Critical thinking entails considering alternate perspectives and weighing counter-evidence. But bullying might be at play when a facade of objectivity is used to cloak facetious contrarianism. Especially during conversations pertaining to oppression, playing devil’s advocate can seem callous and uncalled for. Signs typically include someone using a dry tone of voice, relentlessly sifting emotional content through a hyper-rational filter of “whataboutisms,” and trivializing or oversimplifying complex issues to suggest you are overreacting.

Checkmate: “Just an observation here: It seems like you are using this conversation as an opportunity to push my buttons and test my patience. It feels like a debate where, by default, I’m in the less powerful position of convincing you to change your mind—and you’ve made up your mind already. Moving forward, please remember that your level-headedness during discussions about unfamiliar lived experiences is a result of privilege, not your objectivity or neutrality.”
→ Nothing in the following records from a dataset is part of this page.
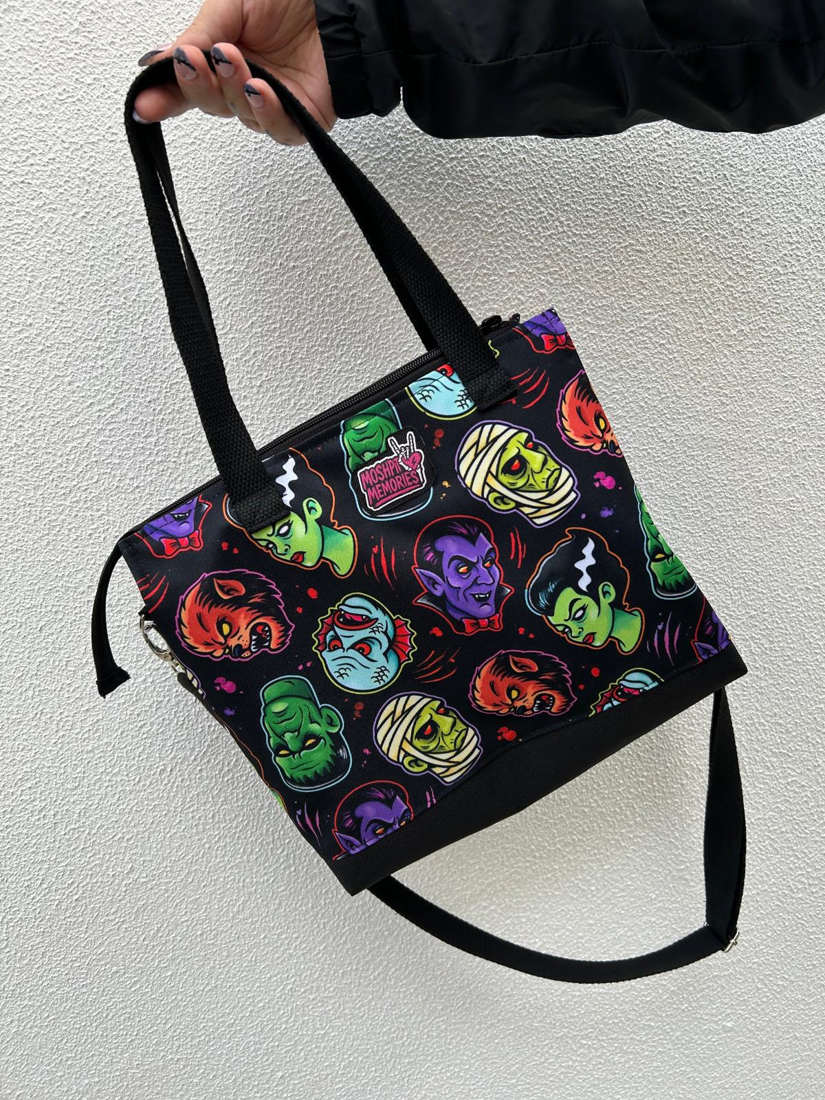 Black tote bag with colorful monster faces and MOSHPIT MEMORIES label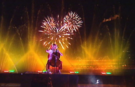 Devant un bassin contenant 30 tonnes d'eau, des effets spéciaux de fontaine lumineuse accompagnés de pyrotechnie.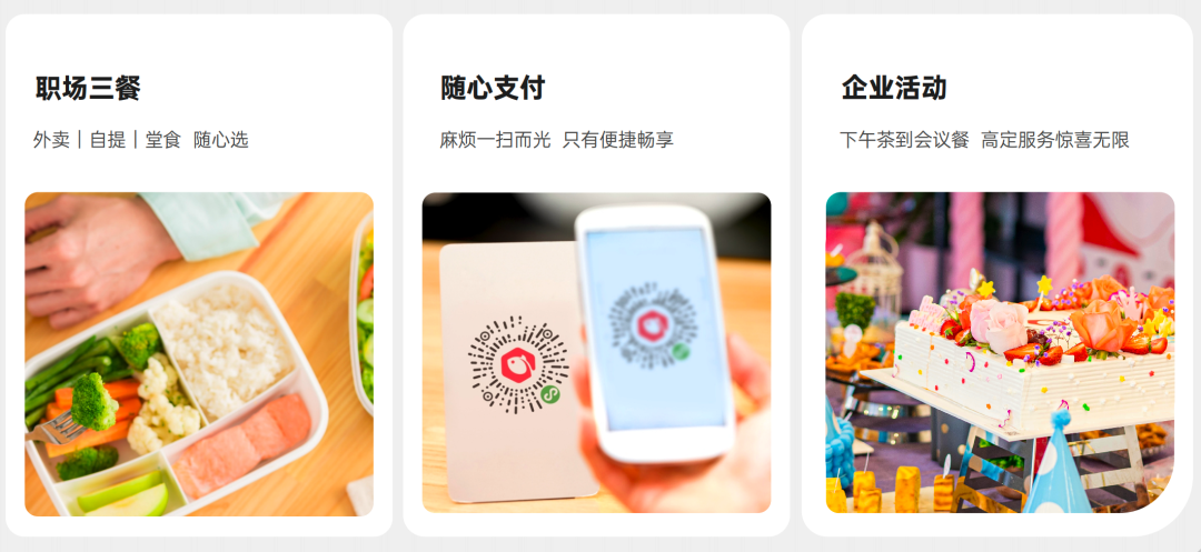 拥有员工订餐系统,多种福利发放形式、多样结算方式、企业结算周期不影响与商户的结算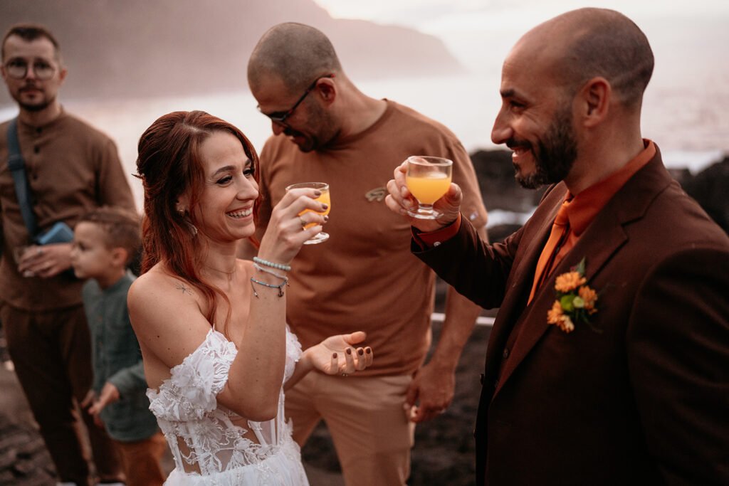 To ground their union in Madeiran culture, we performed a Poncha Ritual. Jennifer had prepared a custom ring box filled with black sand from that very beach. After the vows, the couple toasted their marriage with chilled, fresh Poncha served in shot glasses right there on the sand. It was authentic, local, and unforgettable.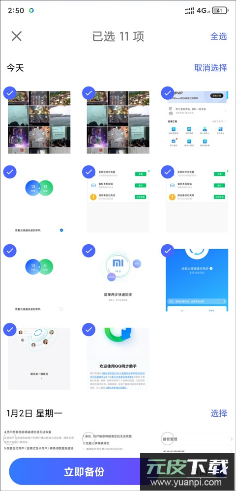 5、在相册管家中勾选需要备份的图片。
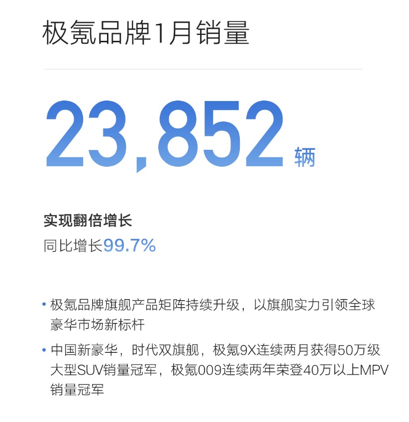 2025年,领克与极氪销量增幅分别为22.8%和0.9%,极氪也成为吉利汽车旗下中唯一没有完成销量目标的品牌。这一情况在2026年有望好转,1月,极氪品牌2.4万辆,伴随9X热销,林杰正在带领团队完成“极氪向上”的使命。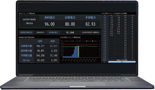 『e-Reducer I』は、電力デマンドと使用量を一元管理できる特性を持つため、企業側は複雑なシステムを導入することなく、簡単にエネルギーの見える化を実現できます。さらに、受電電力の監視だけでなく、設定した目標電力を常時モニタリングし、もしそれを超えた場合には警報メールが発報される機能も搭載。これにより、実際の電力消費状況にリアルタイムで対応が可能になります。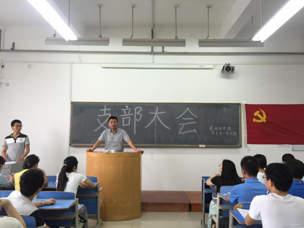 支部书记徐里老师宣读了《基础医学院各支部党员“三严三实”专题教育计划》,并按照学校党委“三严三实”专题教育的要求对同学们提出了殷切的希望:一是要坚守理想信念,严以修身、严以律己,不断加强党性修养,永葆党员先进性,牢固树立正确的六观,保持高尚的道德情操和健康生活情趣;二是要勇于担当,谋事要实、创业要实、做人要实,在实践中历练自身;三是要追求卓越,心怀抱负,做一名忠诚、实干、担当的新时代青年典范,为党旗增辉,为母校添彩;四是要在校园安全稳定、就业帮扶、毕业生派遣、文明离校工作中,充分发挥党员的先锋模范作用,以实际行动带领全体毕业生顺利、愉快地度过毕业季。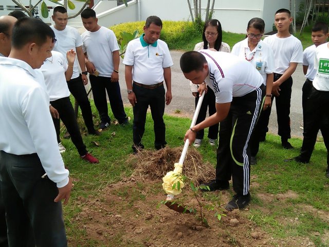 พร้อมกับนักเรียน หลังจากนั้นได้ปลูกต้นรวงผึ้ง ซึ่งเป็นต้นไม้ประจำรัชกาลที่ 10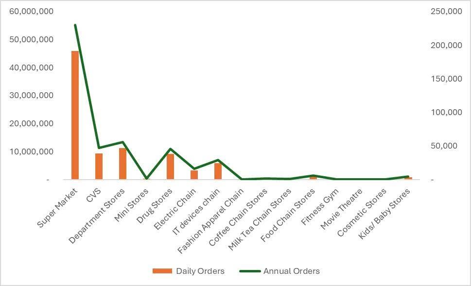 Theo dữ liệu tổng hợp từ biểu đồ Modern Retail Orders 2021, phản ánh tổng số đơn hàng hàng năm và trung bình đơn mỗi ngày của 15 kênh bán lẻ hiện đại, siêu thị vẫn là kênh dẫn đầu về quy mô giao dịch. Tổng số đơn hàng tại kênh này đạt gần 45 triệu đơn mỗi năm, tương đương hơn 190.000 đơn/ngày. Với lợi thế danh mục hàng hóa phong phú và mức giá cạnh tranh, siêu thị tiếp tục là lựa chọn ưu tiên cho các lần mua sắm tập trung, đặc biệt đối với hàng tiêu dùng nhanh và hàng thiết yếu.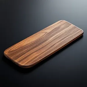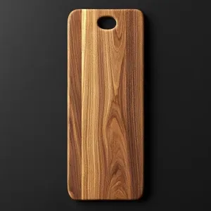 «Create an image of an empty, sleek, elongated wooden charcuterie...»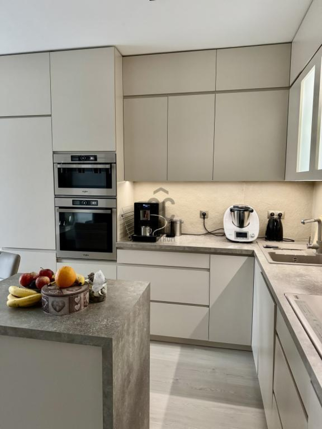 A lakás központja egy tágas, stílusos élettér. A konyha teljesen gépesített (beépített hűtő-fagyasztó, sütő, mikró, mosogatógép, főzőlap, elszívó), külön konyhaszigettel és bőséges tárolóhellyel. Az étkezőhöz egyedi, beépített asztal tartozik. A nappali és az előszoba részen beépített gardrób, TV-konzol és polcrendszer kapott helyet.

5. When they twist your words to make you sound simple-minded or unreasonable.

Shvetsa / Pexels
Source: Shvetsa / Pexels

This tactic often involves distorting or exaggerating your critiques, positions, or preferences. While an overview of logical fallacies is beyond the scope of this post, this tactic can take on the loaded assumptions and bad faith framings of several logical fallacies. A few worth looking into are the straw man fallacy, the red herring, the false equivalence, and the false dilemma or dichotomy.

Checkmate: “Can I be honest? It feels like you’re committed to misunderstanding me because you drew the most negative conclusion(s) possible from what I [just] said. It seems like you might be filtering my words through your own preconceived ideas about who I am, or projecting presuppositions onto my words without seeking clarification first. That feels unfair. Let’s stick to charitable and good-faith interpretations of what each other is saying.”